Team Insight

Trends and Future Outlook for Generative AI: Access, Inclusion, and Advancing the SDGs

May 13 , 2025

Overview

Advances in AI have been moving at a breathtaking pace. While we believe that there is value to encouraging the industry to be even more open, we also feel lucky that many models are getting released with open weights to allow developers to experiment with customizing and applying them to ever more diverse use cases. This trends and outlook analysis focuses on generative AI, since that’s where a lot of the excitement has been in the last few years. However, we want to underscore that AI is a lot broader than just these models.

On the frontier technology team, we work with AI in three ways. First, we partner with country offices – largely through our Venture Fund – to test and deploy AI applications for UNICEF programming. Second, we build our own prototypes to explore technologies that we think are promising for UNICEF across multiple country settings. Finally, we support efforts to leverage AI to advance UNICEF programming more broadly – including helping the organization design its AI strategy, and working with colleagues across the organization to articulate how AI can be applied in specific sectors including WASH, learning, health, and emergency response.

What’s been going on

ChatGPT was released in late 2022, and 2023 was characterized by its meteoric rise in popularity as well as a lively discussion of its capabilities and weaknesses. In 2024, we’ve seen growing competition and sophistication from the leading generative AI models, but also advances that make it easier to put generative AI models into practice and extract value for concrete use cases. For example:

We got better at leveraging large language models (LLMs) out of the box.
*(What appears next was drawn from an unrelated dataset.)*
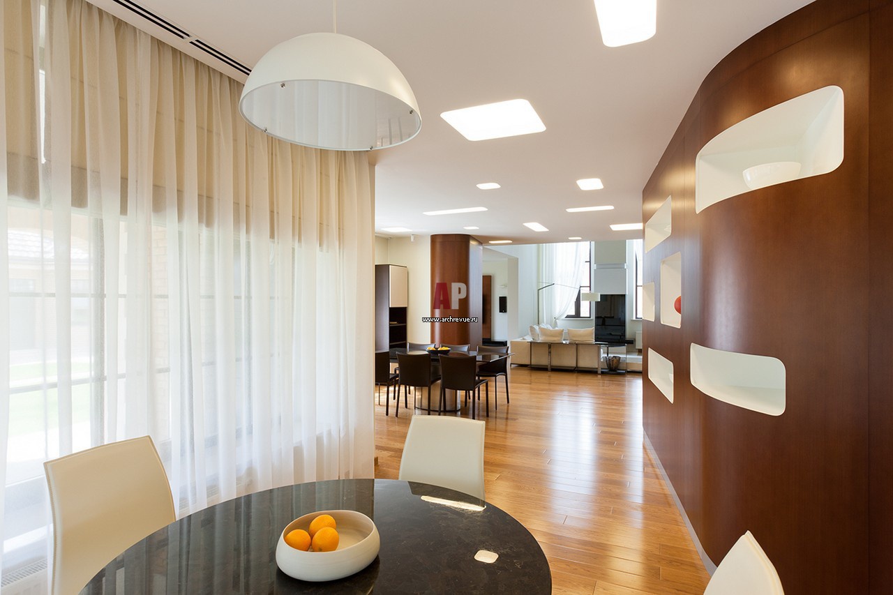 Обтекаемые объемные элементы, зашитые древесиной ореха, зонируют общую гостиную. Один из тех объемов изолирует кухню-столовую от двусветной зоны отдыха.

To deploy generative AI models in specific contexts, the initial wisdom was that it would be necessary to fine-tune models to the task at hand. However, 2024 showed a lot of promising applications extracting more value from models “out of the box”, in part due to the availability of better, more instructable models; reductions in cost relative to performance; and the lengthening of context windows which allows users to supply more instructions and information in their prompts. These benefits were complemented and amplified by the increasing sophistication and proliferation of retrieval-augmented generation systems, also known as RAG systems, which provide models with customized, question-specific information retrieved from a database to inform their answers.

This is great news for UNICEF, as these strategies can make building high-quality generative AI systems more accessible by circumventing the expense and expertise needed to fine-tune. We’ve seen RAG systems powering tailored applications like Baobab Tech’s WASH AI, a chatbot targeted at water and sanitation professionals that draws on a knowledge base of sector-specific documents, and UNIBOT, UNICEF’s own internal AI assistant.

We saw increasing promise from smaller models.

Large language model releases increasingly come with different variants, including large versions with many parameters (these perform best, but have higher computing requirements) and smaller versions that are more computationally efficient. In 2024, advances in the state-of-the-art meant that small models got quite good – for example, Meta released an 8 billion-parameter instruction-tuned version of its Llama-3 model that outperformed its 70-billion parameter Llama-2 counterpart.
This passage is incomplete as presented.